TREATMENT: Only symptomatic treatments are available with medications developed for other disorders, such as psychiatric medications for behavioral problems or mood disorders. There are no treatments for language problems.
ON THE HORIZON: Methylene blue, a drug in development for AD, inhibits the aggregation of tau protein, so it may help patients with Pick’s disease. Another tau aggregation inhibitor known as AL-108, or davunetide, is in clinical trials, and may soon become the first tau-active drug available in the U.S. TDP-43, the offending protein in other forms of FTD, was discovered only three years ago, leaving little time for the development of effective treatments.
DESCRIPTION: Since this dementia results from several small strokes, and strokes can affect any part of the brain, the symptoms of vascular can vary widely. However, they usually include declines in problem-solving ability, memory, and socially appropriate behavior.
CAUSE: Vascular dementia is believed to result from damage to brain cells caused by lack of oxygen when the blood supply is cut during a series of mild strokes. However, one study of 1,000 brains from demented patients who had died found only six that had pure vascular dementia, with the slow progression typical of the disorder. The rest also had another form of dementia.

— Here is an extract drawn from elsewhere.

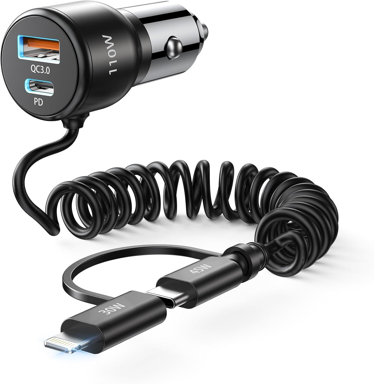 Car Charger Fast Charge 110W Total USB C 65W & USB A 45W with 5ft Spiral C and L Car Cigarette Lighter Charger Cable for iPhone 16 15 14 13 12 11Pro Max Mini Samsung S22 S21 Note Pixel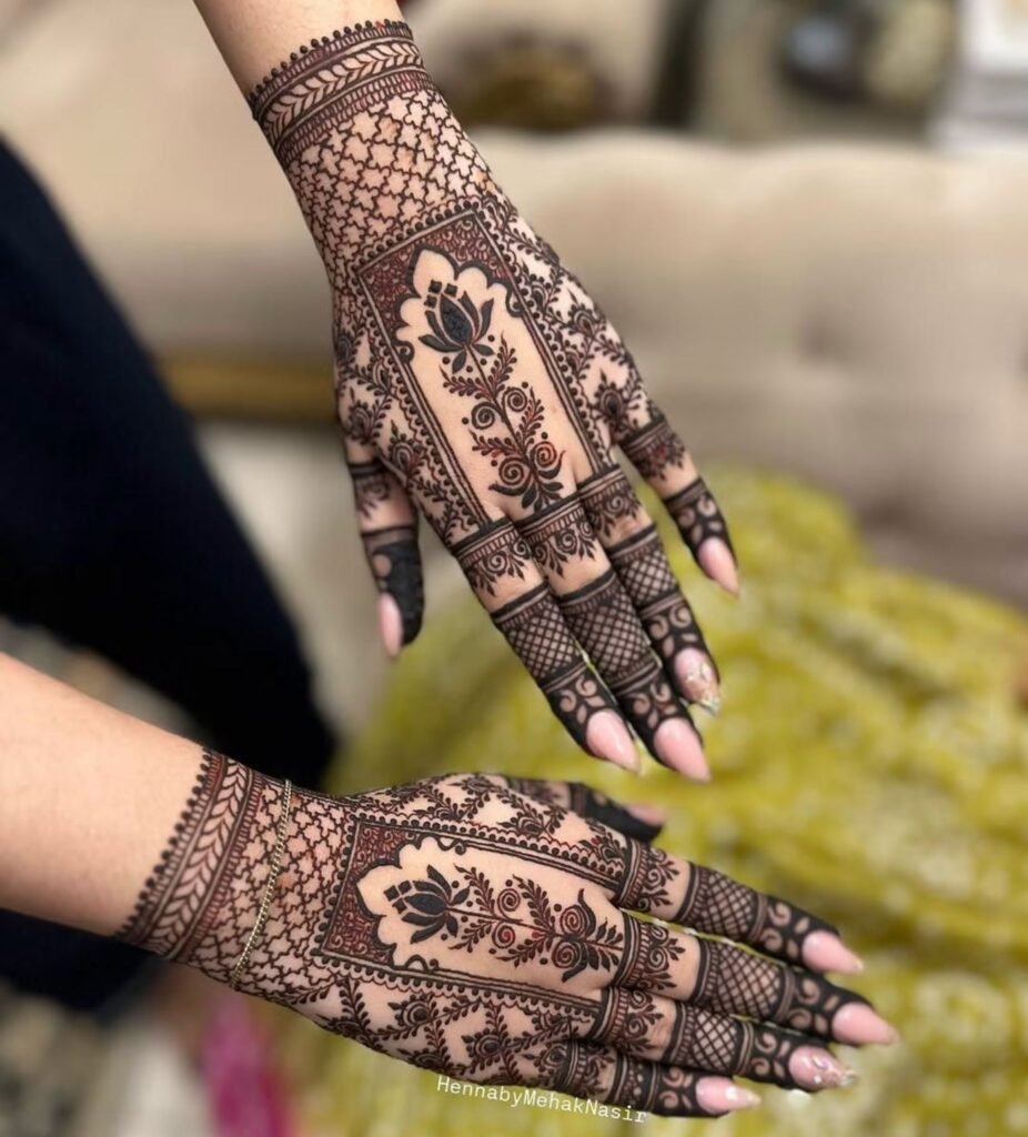 When Kuchi jewelry motifs were translated into henna the thick borders, the angular flowers, the stacked geometric bands they created what artists now call “Skin Jewelry.” The henna doesn’t decorate the hand. It becomes an accessory. That concept is exactly what’s driving the 2026 henna trend.

TYPICAL CASE: To be diagnosed with vascular dementia, a patient must show evidence of a stroke in a location that could affect cognition, and cognitive problems must develop within three to six months of the stroke. A patient who meets these criteria may develop memory problems and have trouble speaking coherently or understanding the speech of others. They may also develop motor difficulties that prevent them from dressing themselves.
TREATMENT: The first goal is to reduce stroke risk by improving cardiovascular health. Statins may be prescribed to lower cholesterol, anti-hypertensives to lower blood pressure, and omega-3 pills to improve triglyceride levels. Low-dose aspirin may be prescribed to inhibit the clotting of the blood, and patients may be urged to give up smoking and drinking and reduce stress.
ON THE HORIZON: Damage from strokes cannot be reversed, but the brain can compensate for some deficits. Physical therapy designed to stimulate brain plasticity may provide some help.